WetCell
Contributor
Please be tolerant. I'm working from memory.
When I learned to dive back in the 1960's, someone was marketing a single cylinder scuba compressor. It would only pump to about 2,500 psi. It was tiny and fairly inexpensive.
If I recall correctly, it had a piston about half an inch in diameter and took several hours to fill a steel 72. Mako comes to mind, but I wouldn't swear that they had marketed them.
I actually saw one once. It wasn't in serviceable condition. Evidently, the single piston and cylinder would get outrageously hot. The heating and cooling cycles would crystallize the piston and cylinder and in a few hundred hours, it would go bang. It was a great idea, but with affordable materials, it simply wouldn't work. I guess that something similar could be made today, using materials like inconel, 9 nickel cobalt, and beryllium copper alloys, but the cost would be insane.

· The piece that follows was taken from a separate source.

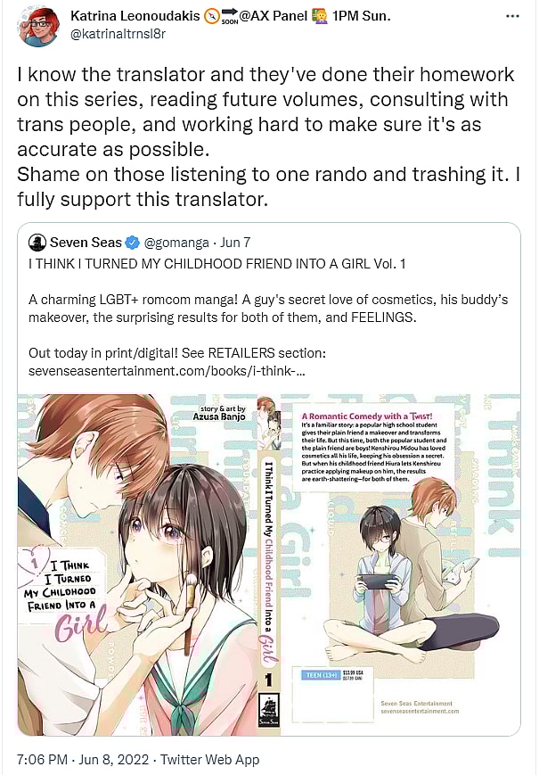Taking to Twitter, Leonoudakis declared, “I know the translator and they’ve done their homework on this series, reading future volumes, consulting with trans people, and working hard to make sure it’s as accurate as possible.”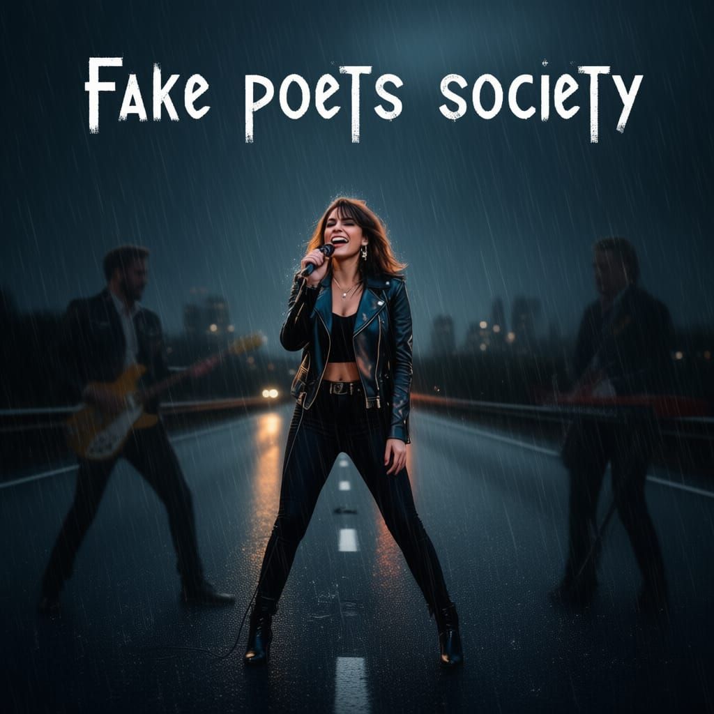 A striking image of a goddess with a fierce smile on a dark, rainy highway at night. The words 'Fake Poets Society' are visible in the background.

The point here is that anything can be done, given sufficient money. If there was a way to build a small, inexpensive compressor to fill scuba tanks, someone would be all over it. The market is ready.
Technology is available to do virtually anything that can be imagined. In the end, it will always come down to cost. The military compressors cross the cost benefit line by a substantial margin. They are vastly better made than the commercial units of similar size. Cost was a consideration in their design, but only in a secondary sense. Longevity, reliability, and weight took top honors.
In many cases, economy of scale will drive costs down but not with the materials I mentioned. Some things are so difficult to machine that very few people on the planet can even do it (9 nickel cobalt is one of those materials). In those cases, economy of scale is just a dream.
You can have it good, cheap, quick. Pick two.
I work in the aerospace industry. We face these decisions on a daily basis. We do not resort to exotic materials if any reasonable alternative exists. This is just reality and the same reality that compressor designers and manufacturers have to consider.
Bill.
I'd like to see that circa 60's system. That is exactly the idea. As you no doubt know, many great ideas have had to wait for the technology or science to catch up. Based on what I have seen, I think the time is ripe for the system out in the garage puttering away for a few hours--especially given the fact that the NG systems are coming online, which use the same concept at the same pressures.
Of course, many ideas that finally get into production die on the vine of the marketplace because no one picks them. I think a reliable, easy to use, inexpensive to maintain system that came in at under $1K might be well received in the scuba market.